Animal models play a crucial role in exosome research for hair regeneration, yet they often fail to fully replicate human hair follicle biology. Most studies, including those by Wu et al[45] and Zhang et al[47], rely on murine models, which lack human-like follicular cycling and immune responses. While rodent models provide insights into exosome-induced follicular proliferation, they do not account for androgen-driven miniaturization seen in androgenetic alopecia. Large-animal models, such as pigs, may offer better translational relevance. Future research must focus on developing humanized models or organoid-based systems to improve predictive validity for clinical applications.

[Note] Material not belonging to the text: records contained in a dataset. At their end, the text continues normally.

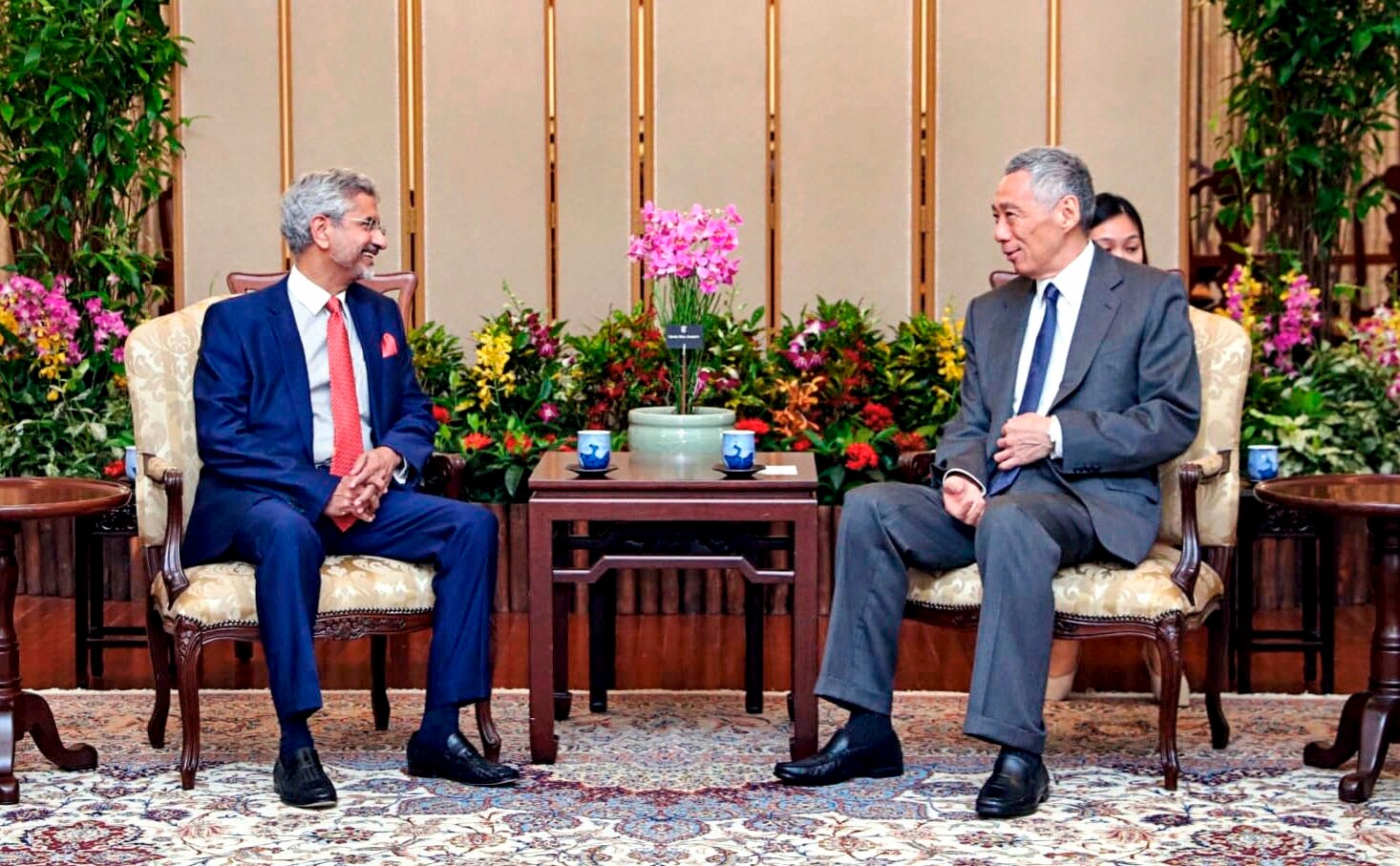 Singapore: External Affairs Minister S Jaishankar and Singaporean Prime Minister Lee Hsien Loong during a meeting in Singapore. (PTI Photo )
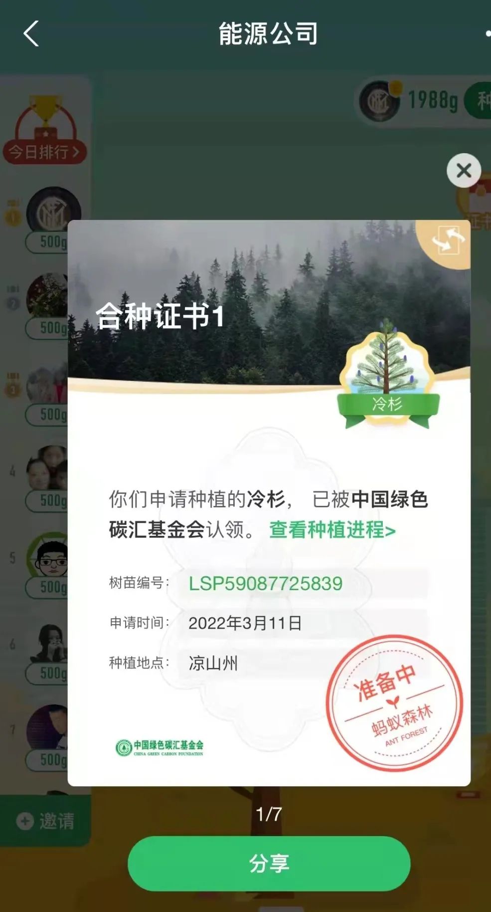 “一花一草皆生命,一枝一葉總關(guān)情。”早在2019年起,公司就通過支付寶螞蟻森林組建了一只“能源公司云種樹小隊(duì)”,如今隊(duì)伍人數(shù)越來越壯大,已有59位隊(duì)員,截止目前,在酒泉、大理、邯鄲等地,種下了冷杉、側(cè)柏、云杉、胡楊等7棵大樹。3月11日,在小伙伴的共同努力下,我們又種下了一棵冷杉樹,該樹被中國綠色碳匯基金會認(rèn)領(lǐng),將種植到?jīng)錾街莸貐^(qū)。
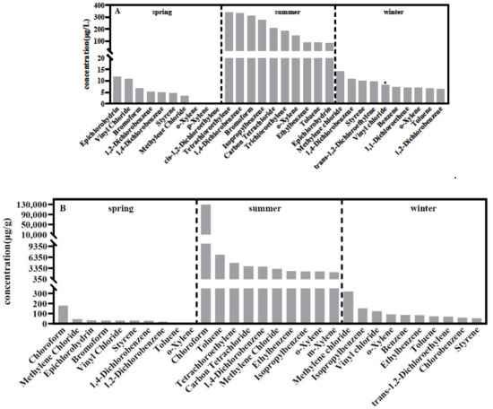 - Yamamoto, K. Occurrence, distribution, and trends of volatile organic compounds in urban rivers and their estuaries in Osaka, Japan, 1993–2006. Bull. Environ. Contam. Toxicol. 2014, 92, 472–477. [Google Scholar] [CrossRef] [PubMed]

Limitations of clinical studies

One of the primary limitations in the current body of literature is the extremely limited number of published clinical studies evaluating exosome-based therapies for hair regeneration. Of the studies included in this review, only three met eligibility criteria and each had small cohorts, varying methodologies, and short-term follow-up. The current evidence reported does not allow for forming strong conclusions regarding safety, efficacy, or long-term outcomes of exosome-based therapies for hair regeneration. This is particularly important as these therapies begin to attract increasing clinical interest and patient demand increases. Without larger, well-designed randomized trials, there remains a risk of premature clinical application based on early-stage data that may not hold up under more rigorous testing. Furthermore, the lack of standardized dosing protocols, manufacturing consistency, and long-term safety data compounds the uncertainty.

Exosome therapy shows some promise for hair regeneration, but there are many limitations that hinder its widespread clinical use. First, the lack of standardized protocols for exosome isolation, purification, and dosage makes treatment outcomes inconsistent. Additionally, the potential for immune reactions or unwanted side effects remains unclear due to limited long-term studies. Scalability and cost are also major concerns, as high-quality exosome production is expensive and complex. Furthermore, regulatory hurdles pose challenges, as exosome-based therapies require rigorous safety and efficacy testing before approval.

A key limitation of this review is the absence of formal statistical analysis or meta-analytic synthesis of the included studies. Due to substantial heterogeneity in study designs, exosome sources, outcome measures, and reporting formats, quantitative comparison or pooling of effect sizes across studies was not feasible. Most studies reported qualitative or semi-quantitative outcomes without standardized metrics, further limiting our ability to perform a rigorous comparative analysis. While we aimed to provide a comprehensive overview of current findings, future research in this field would benefit from greater methodological consistency and standardized reporting, which would enable meaningful statistical evaluation and evidence-based comparison of therapeutic efficacy across different exosome-based interventions. Lastly, while early research is promising, robust clinical trials with large patient populations are needed to confirm its long-term benefits and mechanisms in hair regeneration[71].

CONCLUSION

Exosome-based therapies hold immense promise for the treatment of hair loss by leveraging their ability to modulate key signaling pathways and enhance hair follicle regeneration. While pre-clinical studies demonstrate consistent efficacy across diverse exosome sources, methodological heterogeneity and the limited amount of clinical data highlight the need for further research. Addressing these challenges through standardized protocols, early-phase, adequately powered, randomized clinical trials with longer follow-up, and combinatorial approaches will be critical in realizing the full potential of exosome therapies in clinical practice.